BRV: Are there any applicable regulations in Ukraine?

Whitehead: Our fund is based in Luxembourg, and all of our LPs are located outside Ukraine. So, as currently structured, we are not generally subject to Ukraine’s investment advisory laws. That would change if we were to solicit Ukrainian investors or open offices in Ukraine, but that is not something we are planning to do at the moment. It bears noting that, even though a significant portion of our portfolio companies’ operations will be in Ukraine, the entities we invest in will generally be organized outside Ukraine. That is because Ukraine’s corporate law does not yet provide sufficient protections for minority investors. So our portfolio companies will need to incorporate outside Ukraine—such as in Delaware or a Western European jurisdiction.

BRV: What attracted your interest to Ukraine?

Whitehead: My dad was an American diplomat, and so part of my childhood was in the Soviet Union.
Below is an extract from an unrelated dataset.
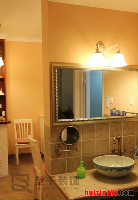 本案采用现代简约风格融入地中海风格元素设计手法来对家居进行装修设计,平面式石膏板吊顶设计,简单的白色石膏顶角线装饰,看上去简约大方。白色铁艺吊顶悬挂在客厅吊顶中央,散发着柔和的光线,米黄色墙漆粉饰,在灯光映射下,使得整个家居都倍感温馨。家居整体空间并不是十分大,为了能使小空间不给人拘束不自在的不适感,本案采用开放式的空间结构设计,让客厅与餐厅隔过道而邻,隔断墙吧台一体式设计,巧妙的将客厅与门厅划分开,沙比利木桌面与木柜结合白色仿砖墙壁纸贴饰而成的墙面,看上纯朴自然,铁艺吊灯悬挂在吧台上方,做旧的铜色与整体搭配的恰当好处,古雅的美感油然而生。蓝白相间的格子布艺沙发,裙边设计,优雅优美,条纹靠包及坐垫搭配,格子靠枕装饰,是地中海风格特点的体现,看着就给人柔软舒适的感觉。仿古砖铺地,质地亚光,即可避免光污染,也与家居的整体设计风格相符,具有古典的独特韵味,常常运用在地中海风格的家居设计中,用以体现出大自然泥土般的自然颜色。垭口电视背景墙设计,浅色花纹墙纸装饰,半穿凿马蹄窗设计,立体感强,白色简约木质烤漆茶几搭配,整体感觉清新淡雅且实用性强。
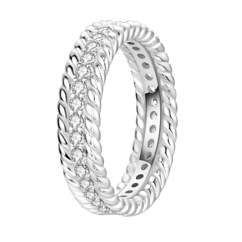Rope Design Sterling Silver Ring with Dazzling Crystals

In fact, I visited Ukraine when it was still a Soviet republic. I was also the first American to go to a young Communist “Pioneer” camp in Crimea, called “Artek.” The camp was intended for top students from across the country, but in many cases, the children were simply relatives of senior Communist Party members. So it was basically me and 8,000 young Communists. If you ever want to steer a young American toward a career on Wall Street, put them into a young Communist camp with 8,000 Pioneers for six weeks.

Years later, I was guest lecturing in the Ph.D. program on law and finance at Goethe University in Frankfurt when a group of Ukrainian lawyers asked me to come to Ukraine to lecture. They were surprised when I said yes.

I first arrived in Ukraine just after the Maidan Revolution in 2014, about 10 days after they pulled down the Lenin statue in Kharkiv, where I was visiting. Even at that early stage, you could begin to see a transformation.

After a few visits, academics, businesspeople, and regulators in Ukraine came to understand that I had practiced as a lawyer and banker before becoming a law professor—and they asked me to help bring capital into the country. Kharkiv, in particular, was Ukraine’s primary academic center, and so there was an interest in finding ways to commercialize the technology being developed across more than 100 universities, colleges, and research institutes.

Up to that point, Ukraine did not have a lot of experience with incubators. Even though Ukraine had over 100 of them, none of them had real world experience bringing new businesses into a global market. And there was also a limited understanding of venture capital. Many early-stage investors in Ukraine demanded 51% of the company they invested in, not fully appreciating the problems that this created for both entrepreneurs and potential later investors. The good news is that the understanding is beginning to evolve and, with the Fund, we expect to begin to see an investment platform similar to what you would see in Western Europe and the United States.

BRV: Keep us updated on your efforts. Thank you for a wonderful conversation.